Darn…Cindy, I thought you were going to show me how to make some ‘no-bake’ oatmeal cookies! I was waiting for you to say that after you’d refrigerated the dough they were firm enough to eat, as is! Drat. I’m no Kitchenista either & am always looking for an easy-way out;-) PS Hours can literally fly by in the ‘online world’…in what seems like just a few minutes. It gets scary sometimes!

13 12 2011
cindydyer

Jan—if you ever find a recipe for no-bake cookies, PLEASE forward it to me. You remember the days when we were little and we could ACTUALLY EAT RAW COOKIE DOUGH? I looked at that dough longingly on Sunday. Ah, those were the days. On the evening news a day before, they had a newsbit on not eating cookie dough and why it was bad for you. I always thought it as because of the addition of the raw egg. Apparently it’s due to the flour, or so they speculate. Flour is an agricultural product that isn’t as regulated as other items. Who knew? Good thing we’re both great at gardening, huh? 😉

13 12 2011
thekingoftexas

As a youngster I cleaned the cookie mixing bowl one finger-load at a time (the social finger of the right hand). I mean, like, you know, when I was finished loading and licking the sweet dough and the wayward chocolate bits from my finger, the bowl could be returned unwashed to the cabinet shelf.

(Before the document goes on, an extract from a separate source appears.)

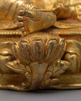 This exquisite piece of Green Tara Deity employs traditional Himalayan motifs and designs delicately produced in our studio. Gold-gilded, the statue exudes brilliant luster and intricate carving over a months. Revered for her compassion, the female Bodhisattva is depicted with a peaceful, compassionate facial expression highlighted by the acrylic color. She sits on a moon disc lotus seat with an elaborately carved head piece while two lotuses bloom beside her shoulders.

I estimate that in my early preteen years I consumed enough raw cookie dough that had the cookies been baked and allowed to accumulate, they would have kept several Girl Scouts busy delivering cookies for several days, and it in no way affected me, affected me, affected me . . .

Nice photos and a great narrative. By the way, are you sure the black cookies were not enhanced with Mary Jane? I remember (vaguely) that such enhancement darkened them – some might consider them tainted, of course.

Hey, daughter Number 2, I’m joking, I’m joking!